On Monday we wrote down the Second Derivative Test and the First Derivative Test. We showed that the First Derivative Test is superior as it can correctly handle all of the functions that the Second Derivative Test can and more (functions with vanishing second derivative and also functions that have points that are not differentiable).
On Tuesday we did Q. 1 & 2 from the sample. It was clear the sample test is too long and I will ensure that the actual test (Wednesday 8 December) isn’t as long.
On Wednesday we defined what it means for the graph of a function to be concave up or concave down. We defined a point of inflection to be a point on the graph of a function where the concavity changes. We then said that we had a lot of tools that we could use to help sketch the graph of a function, and the final one we would examine would be asymptotes. We introduced the horizontal asymptote.
Problems

You need to do exercises – all of the following you should be able to attempt. Do as many as you can/ want in the following order of most beneficial:

Wills’ Exercise Sheets

Other Exercise Sheets – Questions on the Second Derivative Test and Asymptotes

Section 4 Q. 4-5 from Problems

Past Exam Papers

Stationary Points are points $a\in\mathbb{R}$ where the derivative of a differentiable function $f:\mathbb{R}\rightarrow\mathbb{R}$, $f'(a)=0$.

When asked to find the critical points of a function defined on the entire real line (rather than just on a closed interval $[a,b]$), the ‘endpoints’, $\pm\infty$ are not considered critical points.

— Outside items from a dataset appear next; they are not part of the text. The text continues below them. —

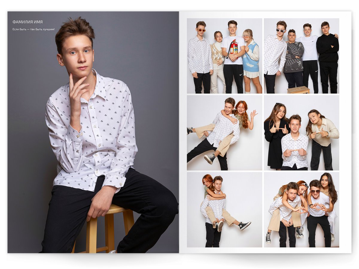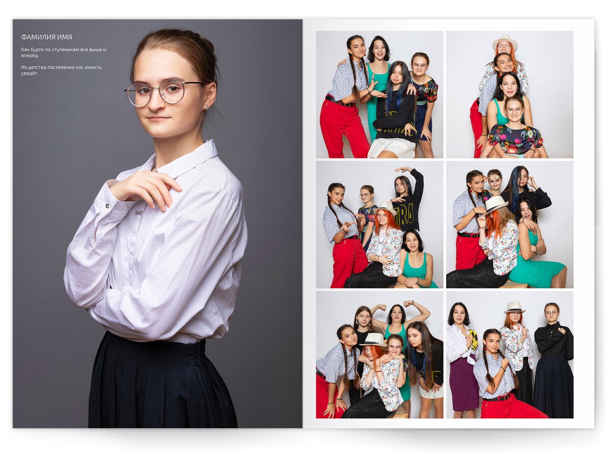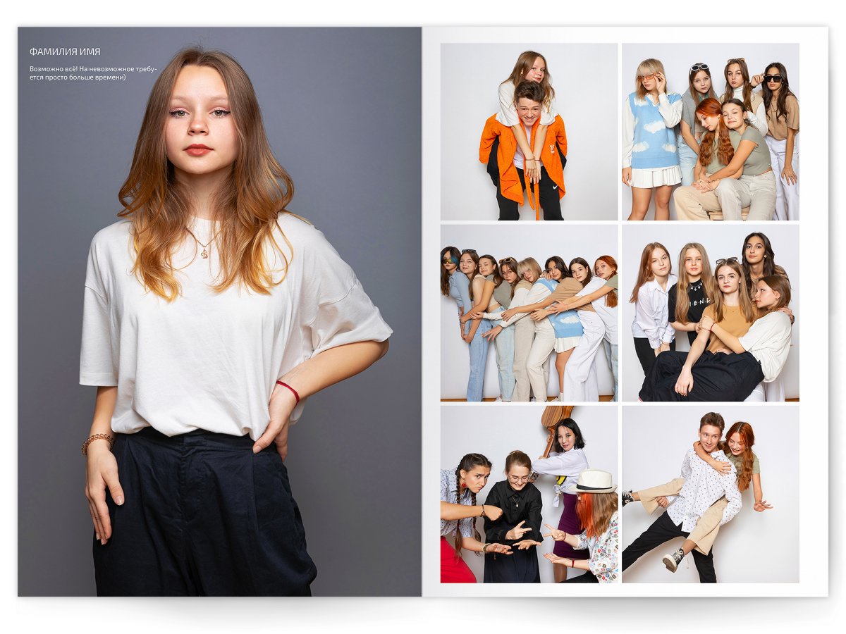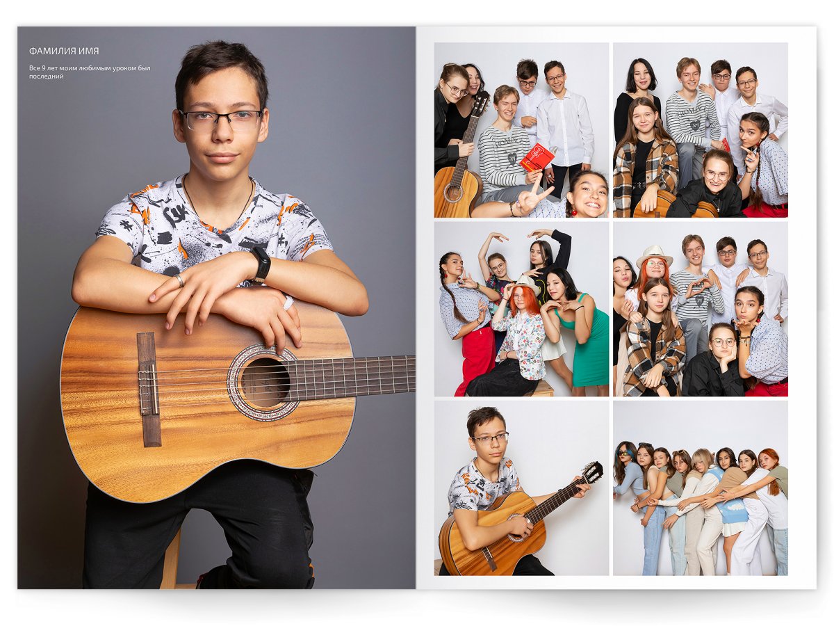 • Съёмка альбома в фотостудии от +750 ₽/человек (точная стоимость зависит от количества учеников и выбранной фотостудии)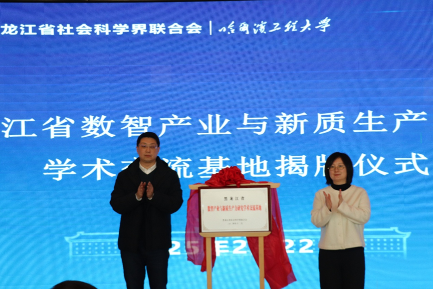 马琳、张翼飞共同为黑龙江省数智产业与新质生产力研究学术交流基地揭牌。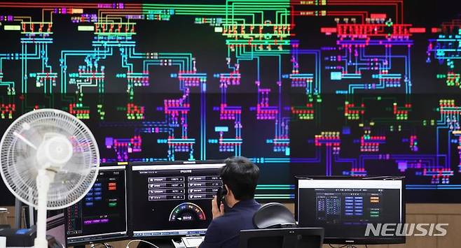 [수원=뉴시스] 김종택 기자 = 7일 오후 경기도 수원시 영통구 한국전력공사 경기지역본부 전력관리처 계통운영센터에서 관계자들이 전력수급상황을 주시하고 있다. 정부는 7일과 8일 오후 전력 수요가 92.9GW(기가와트)까지 높아지면서 올여름 최대치를 기록할 것으로 전망했다. (공동취재사진) 2023.08.07. photo@newsis.com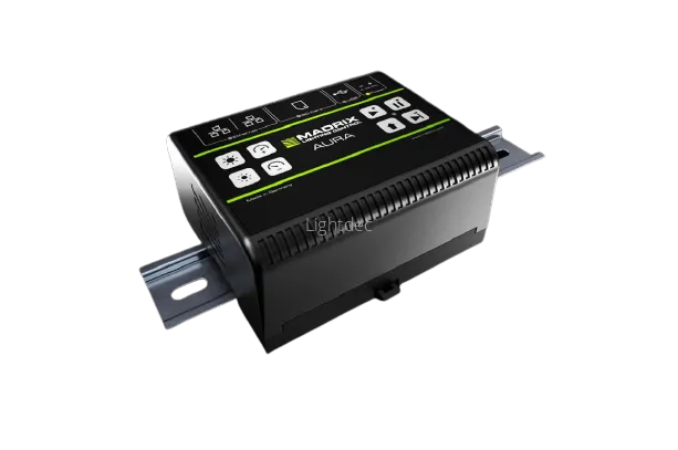 Поскольку у AURA нет DMX-выходов на борту, для осуществления управления приборами необходимо использовать блоки конвертации сигнала, и наилучшими вариантами будут MADRIX STELLA, LUNA и NEBULA.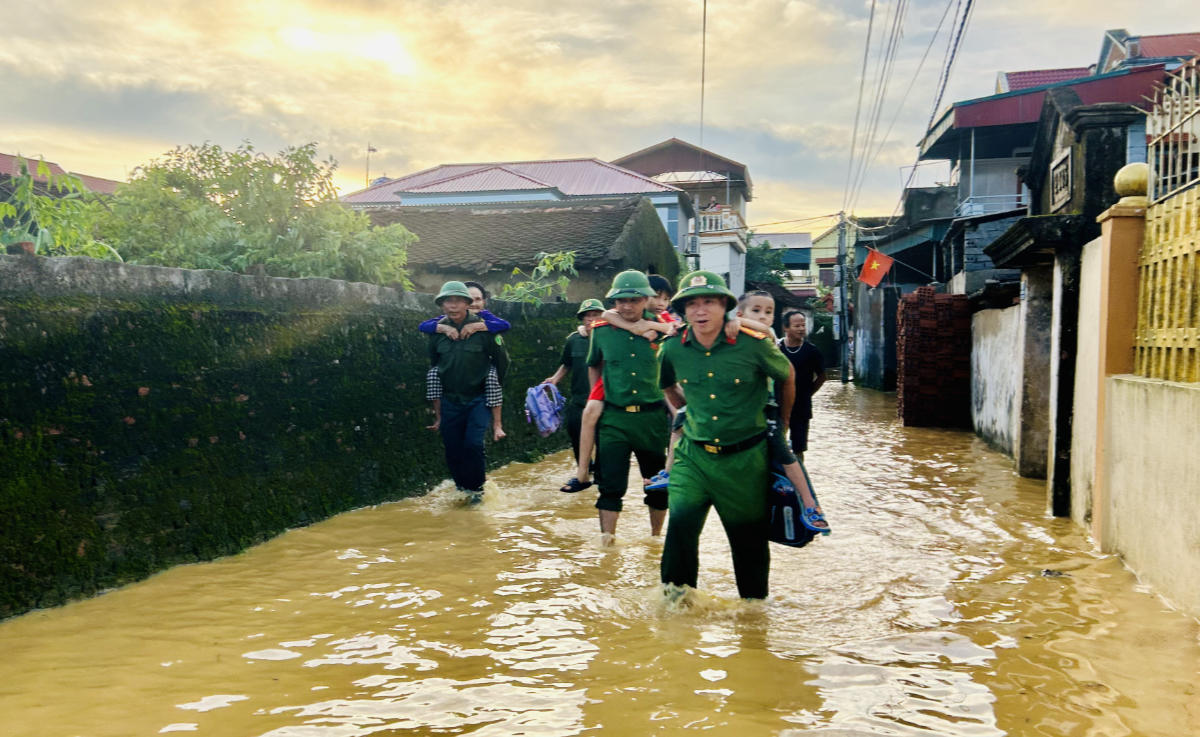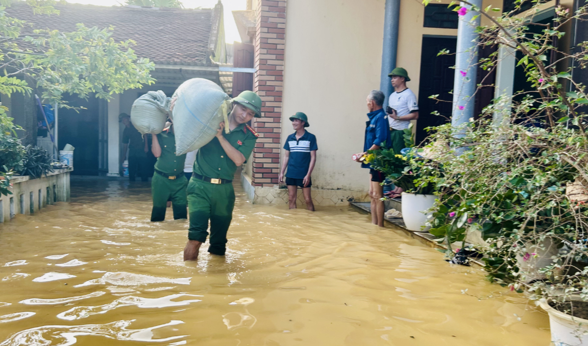 Với tinh thần khẩn trương, lực lượng Công an đã đi từng ngõ, đến từng nhà tuyên truyền, vận động di dời, giúp người dân kê cao tài sản, chuyển thóc lúa, đồ đạc thiết yếu đến nơi an toàn, đồng thời tổ chức sơ tán kịp thời những hộ dân ở vùng nguy hiểm.

Convex is concave up and concave is concave down.

Q. 4(b),5(b), 6(a)  from http://booleweb.ucc.ie/ExamPapers/Exams2005/Maths_Stds/MS2001.pdf

Q. 5(b), 6(a) from http://booleweb.ucc.ie/ExamPapers/Exams2005/Maths_Stds/MS2001Aut05.pdf

Q. 4(a), 5(b) from http://booleweb.ucc.ie/ExamPapers/exams2004/Maths_Stds/MS2001aut.pdf

Q. 4(a), 5(b) from http://booleweb.ucc.ie/ExamPapers/exams2003/Maths_Studies/MS2001.pdf

Q. 4(a), 6(a) from http://booleweb.ucc.ie/ExamPapers/exams/Mathematical_Studies/MS2001.pdf

From the Class

1. Prove Theorem 5.2.2 (b)